Please set down, with no changes, every line of the material below from the one containing "PANDORA logo silver" through the end. Skip the pictures.

> [DATA BELOW]
★ ★ ★ ★

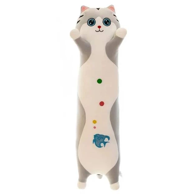М'яка іграшка подушка-обіймашка Кіт Батон з рибкою 100 см, сірий
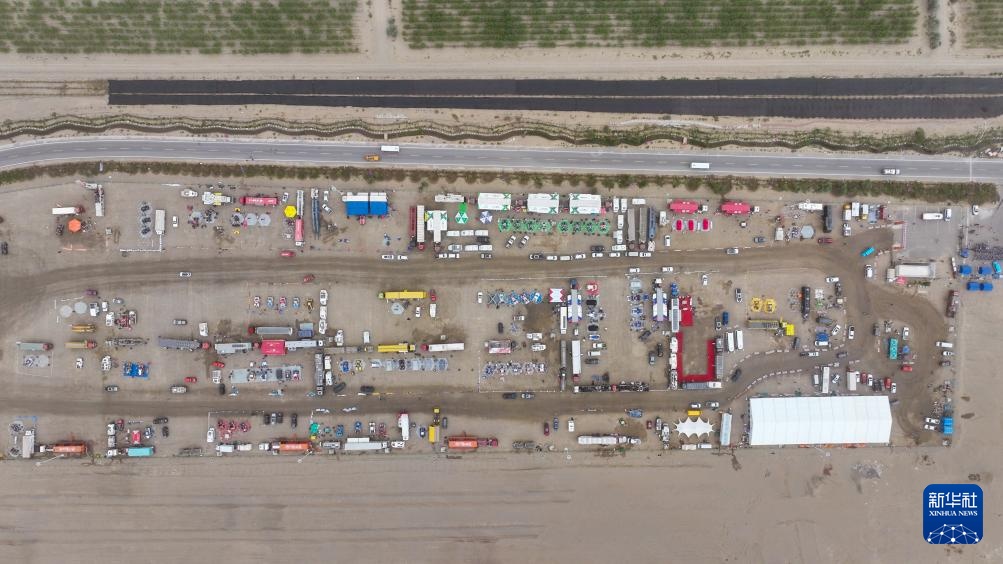 這是5月27日拍攝的2024年中國環(huán)塔國際拉力賽和田洛浦大營(無人機(jī)照片)。新華社記者 陳朔 攝
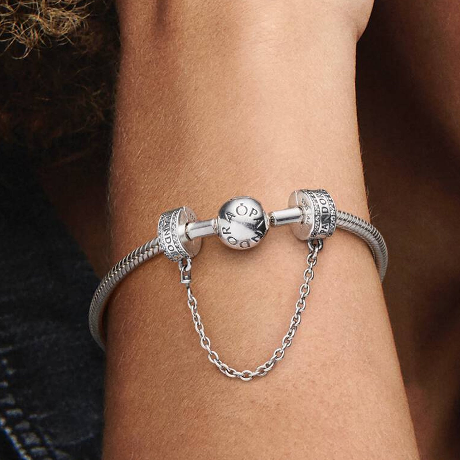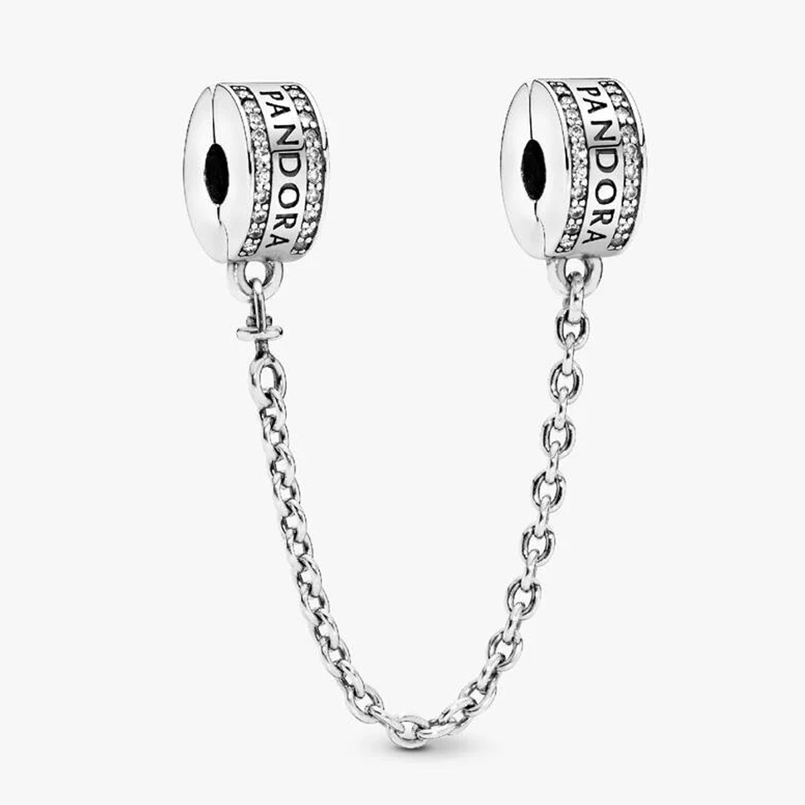 PANDORA logo silver safety chain with clear cubic zirconia and silicone
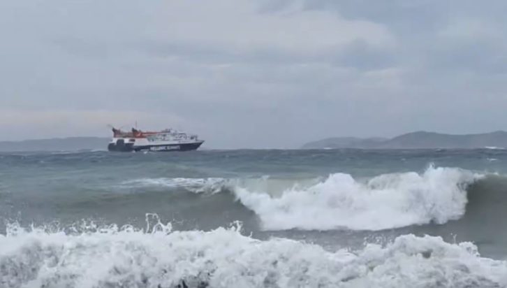 Το πλοίο φαίνεται να παλεύει με τα κύματα έξω από το λιμάνι του νησιού. Να υπενθυμίσουμε πως αύριο λόγω των καιρικών συνθηκών δεν θα πραγματοποιηθούν τα δρομολόγια και των δύο πλοίων της γραμμής.

★ ★ ★ ★

> [SOLUTION TO THIS EXERCISE]
 PANDORA logo silver safety chain with clear cubic zirconia and silicone
 Το πλοίο φαίνεται να παλεύει με τα κύματα έξω από το λιμάνι του νησιού. Να υπενθυμίσουμε πως αύριο λόγω των καιρικών συνθηκών δεν θα πραγματοποιηθούν τα δρομολόγια και των δύο πλοίων της γραμμής.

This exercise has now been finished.